Machine learning analytics rely on analyzing patterns and making inferences. Machine learning analytics can be made to be self-adjusting but that does not mean they will be effective over time. Every analytic needs to have a target level of effectiveness and must be monitored to see whether it is achieved. And this needs to be automated when an analytic is put into operation.
Therefore, advanced analytics need to be managed, governed, monitored, and controlled, which must be part of the analytics development and automation process. Management, governance, and control are provided as part of Instant IT® Business Design.
Advanced analytics are finding their way into almost every business, unfortunately as the responsibility of individual groups of data scientists or data analysts. This approach is the analytics version of operational silos. Artificial intelligence, when it gets here, needs a holistic view data and information.
What makes artificial intelligence different from advanced analytics is AI’s use of knowledge representation, language processing, reasoning, and more. These are extensions in breadth and scope of advanced analytic methods used in diagnostics and prescriptive analytics, machine and deep learning, and automation.

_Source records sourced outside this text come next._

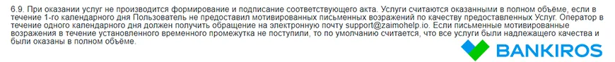 • support@zaimohelp.io – электронный адрес для отправки обращений и претензий.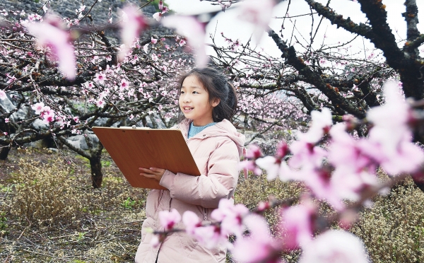 3月16日,江永县兰溪瑶族乡香花井村,小学生在写生。眼下,该村万亩桃花竞相绽放,游客纷纷前来游玩。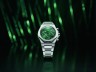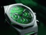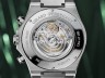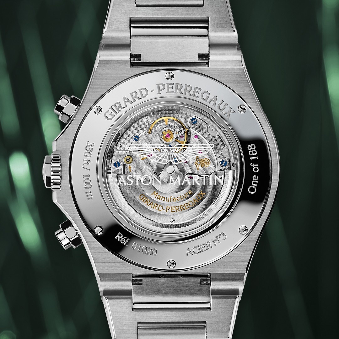 Na dan je prišla Astonova značilna dirkaška zelena, v katero mojstri niso odeli dirkalnika Formule 1, temveč številčnico elegantnega časomera, namenjenega osebam z okusom, ki cenijo luksuz in zmogljivost; torej lastnikom vozil z značko slovitih kril. Številčnico zaznamujejo še trije števci in aplikacija diamantnega vzorca, ki spominja na prešite usnjene sedeže športnikov AM. Zapestna kreacija z več komplikacijami se ponaša z osmerokotno luneto, ki predstavlja poklon uri Laureato iz leta 1975, in s transparentnim hrbtom, ki opazovalcu omogoča pogled na precizno avtomatsko gibanje.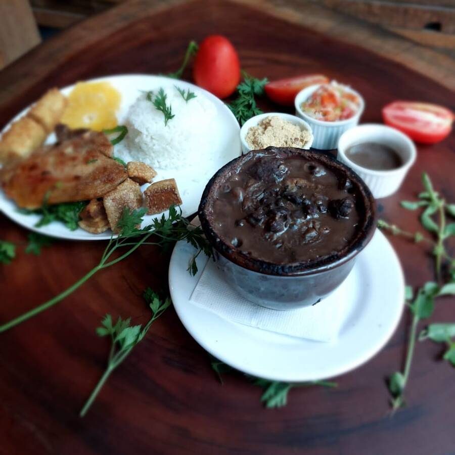 Feijoada composta de feijão preto, carne seca, paio, linguiça calabresa, costela e lombo. Acompanha arroz branco, couve, torresmo, farofa, vinagrete, molho de pimenta, bisteca e banana frita.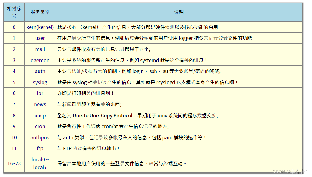SYSLOG_FACILITY=[0-23] :使用syslog.h 规范的服务相对序号来呼叫出正确的资料!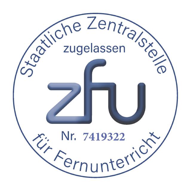Unsere Ausbildung ist von der Staatlichen Zentralstelle für Fernunterricht ZFU als Fernlehrgang mit der Nummer 7419322 offiziell zugelassen.

Developing capabilities with advanced analytics will prepare the organization for AI once it is here. Processing streaming data in real time with advanced analytics and automating process actions, built upon Instant IT® unified data, rules, management, governance, and control will provide a foundation for adding AI capabilities as they become available.
Instant IT® Business Design replaces legacy analytics development with a Business Analytics Manager where the design, development, and deployment of analytics as business assets are the central focus. Instant IT® Business Design also provides unparalleled rigor in operational business process actions and analytic objects — all of which is needed for effective operational and automated analytics.
Instant IT® Business Design captures digital business metadata that fully describes the organizational, operational, and analytic aspects of the business. This business metadata is the basis for IT automation of application and analytics development that supports consistent data and rules.